The Saturday Globe and Mail had an article about the controversy at Randolph-Macon Women’s College in Virginia. The board of directors has voted to change it into a co-ed college. The students and alumnae are up in arms, but the board argues that they won’t be able to attract students unless they become co-ed. When the same question came up at my college, Mount Holyoke in Massachusetts, I wrote defending the status quo, and I was happy that the board decided to remain all-women. For me, it was wonderful to have four years to work unstintingly, in deep concentration, without the distraction of men. I know I would have been quite susceptible to that distraction and to their opinion of me. I could go to class in pajamas, hair uncombed. The G&M article says that the Women’s College Coalition once had 300 affiliated institutions but now has only 57. Only four all-male colleges remain in the USA.
Now I am not so sure that I would object to MHC becoming co-ed.
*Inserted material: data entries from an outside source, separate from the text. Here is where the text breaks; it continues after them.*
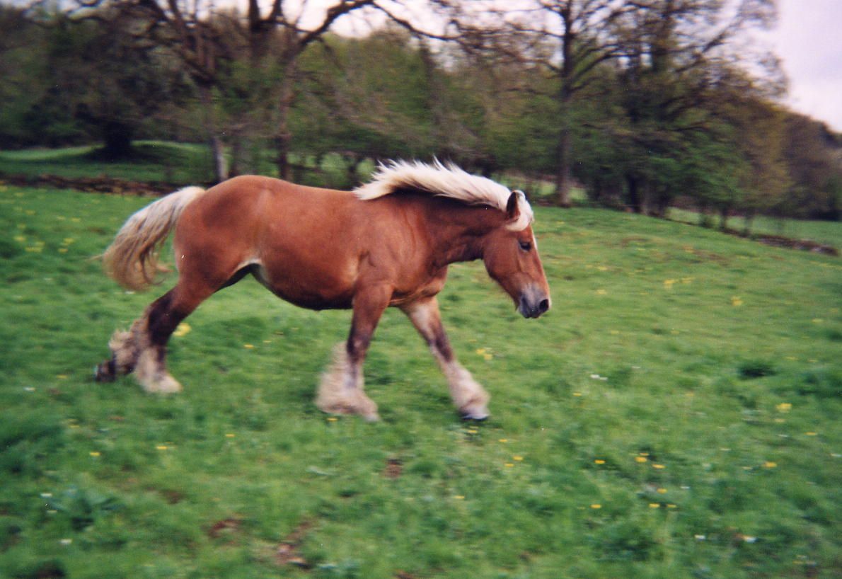 | Dire merci | zuzue c'est dommage, j'avais fait un post photos intitulé "un comtois "ça" galope pas... et autres clichés". j'ai eu pas mal de réflexions de la part de "cavaliers classiques", dont une fille qui travaille dans une écurie trotteurs qui m'avait dit "c'est pas un cheval de labour "ça"?? ah bon, "ça" se monte???" d'où le titre de mon post ![]() ma jument est très réactive et adore se piquer un galop, je ne le fais pas souvent mais quand on le fait je m'éclate et elle aussi! d'ailleurs au départ au galop j'ai interêt à m'accrocher parce qu'elle décoche jusqu'à 3 coups de cul de joie... et au pré faut voir aussi comment elle se défoule par moments. les seules photos que j'ai d'elle au galop c'est en liberté dans le pré : ![]() ![]() |
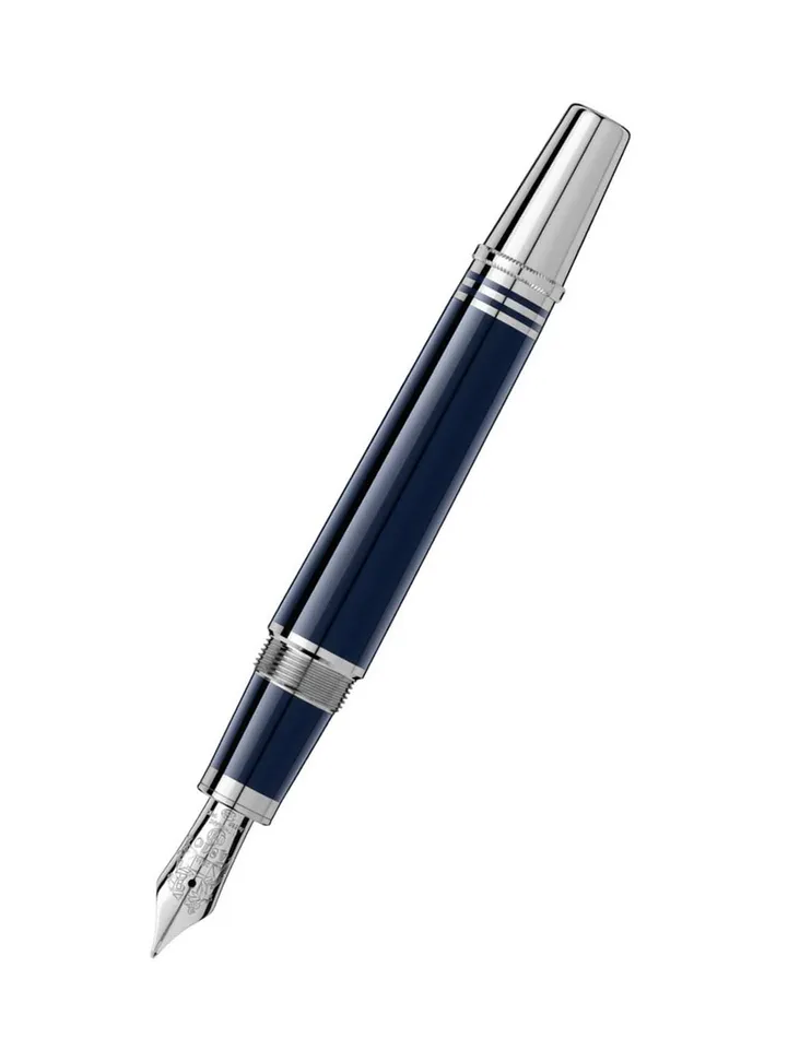 Commemorating one of the most revered figures of modern history, the Special Edition John F. Kennedy makes symbolic references to the life of J.F. Kennedy via subtle design details. The blue, precious resin refers to both Kennedys time in the U.S. Navy and his famous Ivy League style. His initials JFK are engraved on the platinum-coated clip, and the three platinum-coated cap rings represent Kennedys three brothers. In a tribute to the national hopes and dreams embodied by Kennedys pet project, the Apollo space program, the handcrafted 585 gold nib is engraved with the lunar module that landed on the moon in 1969. The Special Edition is crowned by the Montblanc emblem in precious resin. The nib is made from solid 14-carat gold.
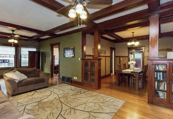 Step back in time as you approach the large covered front porch of this 1912 built 1.5 story, shaded by mature trees, outlined by perennials in the fenced yard. Stunning woodwork from top to bottom complements hardwood floors. Living room holds fireplace w/built ins separating the space from formal dining room. 2 bedrooms are near the full bath & 1st floor laundry. NEWER cabinets are accented w/a few glass doors, generous amount of cabinet space & enough room for breakfast nook. All appliances included! Extend your entertaining outdoors to the quaint patio. Best is yet to comeretreat upstairs to master suite floor, complete w/bathroom. Lots of storage in the basement & 2 car garage w/alley access. NEW furnace & air conditioner installed just this year! This location is near bus line, short commute to downtown & suburbs. Take advantage of the $10,000 grant money for approved buyers for additional updates. What an opportunity to make this your next Home Sweet Home!
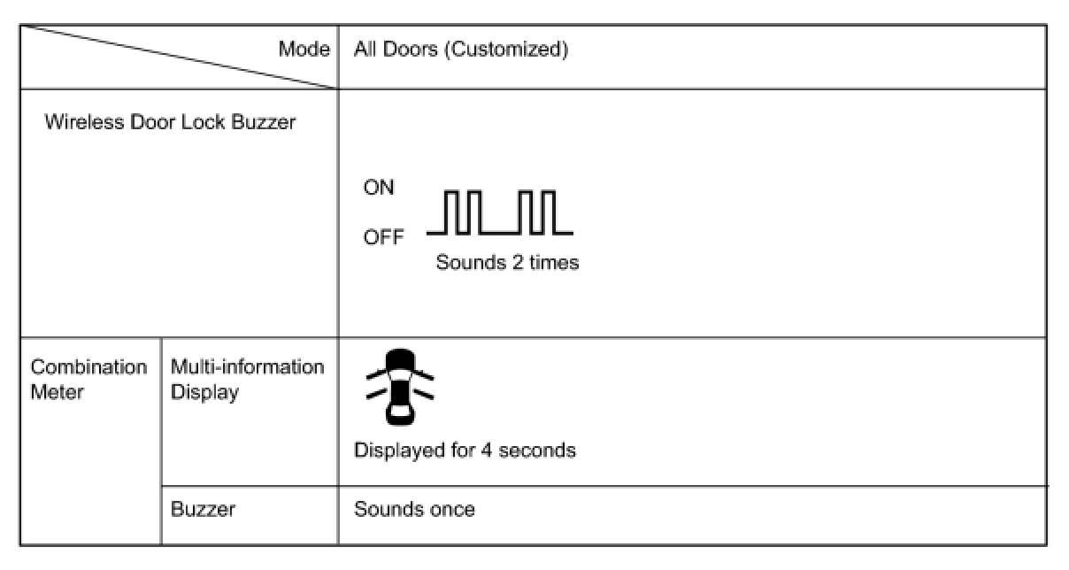 (c) The certification ECU sounds the wireless door lock buzzer and combination meter buzzer to inform the user that the mode has been switched.
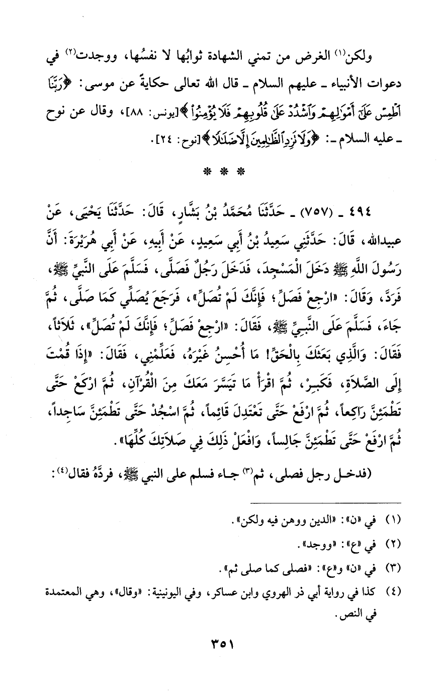 494 - (757) - حَدَّثَنَا مُحَمَّدُ بْنُ بَشَّارٍ، قَالَ: حَدَّثَنَا يَحْيَى، عَنْ عبيد الله، قَالَ: حَدَّثَنِي سَعِيدُ بْنُ أَبِي سَعِيدٍ، عَنْ أَبِيهِ، عَنْ أَبِي هُرَيْرَةَ: أَنَّ رَسُولَ اللهِ - صلى الله عليه وسلم - دَخَلَ الْمَسْجدَ، فَدَخَلَ رَجُلٌ فَصَلَّى، فَسَلَّمَ عَلَى النَّبيِّ - صلى الله عليه وسلم -، فَرَدَّ، وَقَالَ: "ارْجِعْ فَصَلِّ؛ فَإِنَّكَ لَمْ تُصَلِّ"، فَرَجَعَ يُصَلِّي كَمَا صَلَّى، ثُمَّ جَاءَ، فَسَلَّمَ عَلَى النَّبِيِّ - صلى الله عليه وسلم -، فَقَالَ: "ارْجِعْ فَصَلِّ؟؛ فَإِنَّكَ لَمْ تُصَلِّ"، ثَلاَثًا، فَقَالَ: وَالَّذِي بَعَثَكَ بِالْحَقِّ! مَا أُحْسِنُ غَيْرَهُ، فَعَلِّمْنِي، فَقَالَ: "إِذَا قُمْتَ إِلَى الصَّلاَةِ، فَكَبِرْ، ثُمَّ اقْرَأْ مَا تَيَسَّرَ مَعَكَ مِنَ الْقُرْآنِ، ثُمَّ ارْكعْ حَتَّى تَطْمَئِنَّ رَاكعًا، ثُمَّ ارْفَعْ حَتَّى تَعْتَدِلَ قَائِمًا، ثُمَّ اسْجُدْ حَتَّى تَطْمَئِنَّ سَاجِدًا، ثُمَّ ارْفَعْ حَتَّى تَطْمَئِنَّ جَالِسًا، وَافْعَلْ ذَلِكَ فِي صَلاَتِكَ كُلِّهَا".

Times have changed (maybe you hadn’t realized that.) Where once we could have the weekend excitement of a blind date at a men’s college, now those colleges are co-ed and the men would not be motivated to go far a field. Where would I have met a future partner? It used to be said that women were reluctant to speak up in a class with men, that men would dominate the discussion. Once a group of Amherst students came to an MHC play and during the discussion afterward, it was true – the men did dominate the discussion. But would that be true now? Probably not.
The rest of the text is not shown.